After locating "Общая площадь 30.3 м2", return its line and all lines that follow through the end of the listing below, exactly; leave out pictures.

- Information supplied:
★ ★ ★
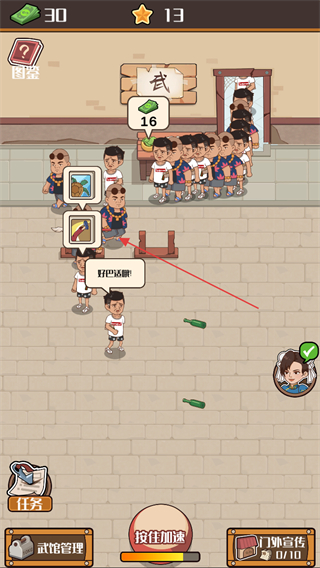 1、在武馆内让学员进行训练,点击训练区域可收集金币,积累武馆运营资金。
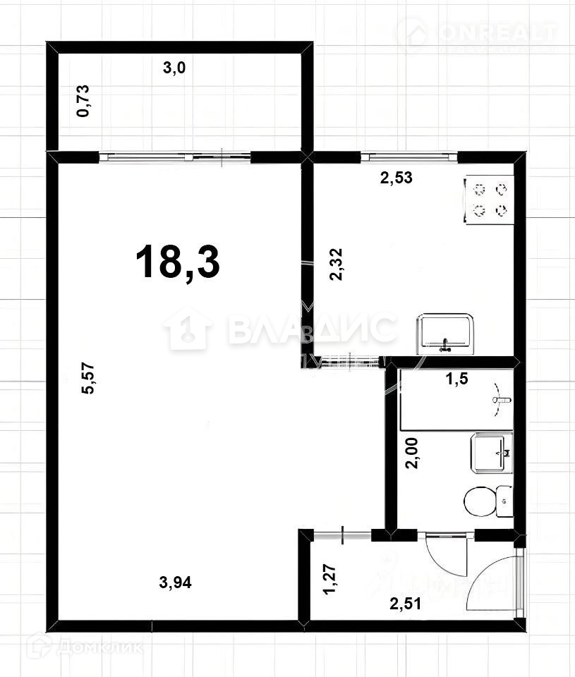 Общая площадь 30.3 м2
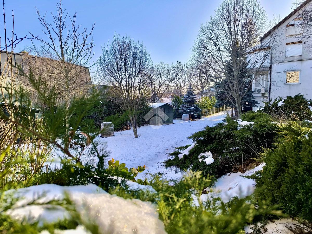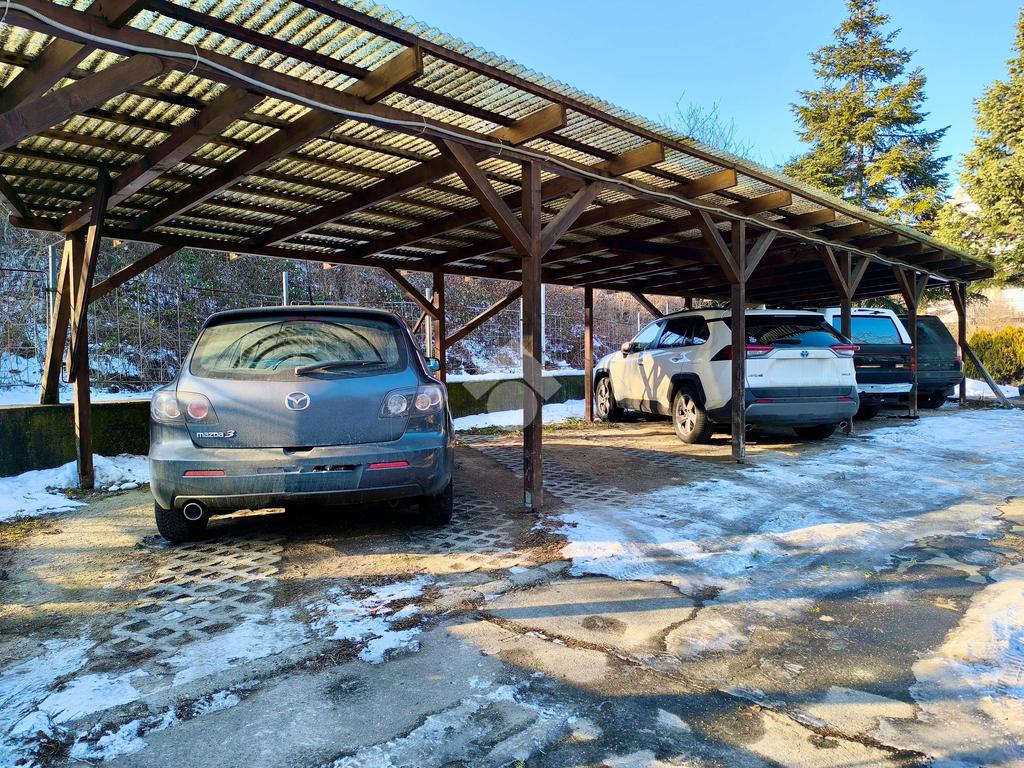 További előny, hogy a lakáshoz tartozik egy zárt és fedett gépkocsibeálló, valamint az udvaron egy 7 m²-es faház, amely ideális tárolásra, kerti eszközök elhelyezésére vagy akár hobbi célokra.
★ ★ ★
- Output of the task:
 Общая площадь 30.3 м2
 További előny, hogy a lakáshoz tartozik egy zárt és fedett gépkocsibeálló, valamint az udvaron egy 7 m²-es faház, amely ideális tárolásra, kerti eszközök elhelyezésére vagy akár hobbi célokra.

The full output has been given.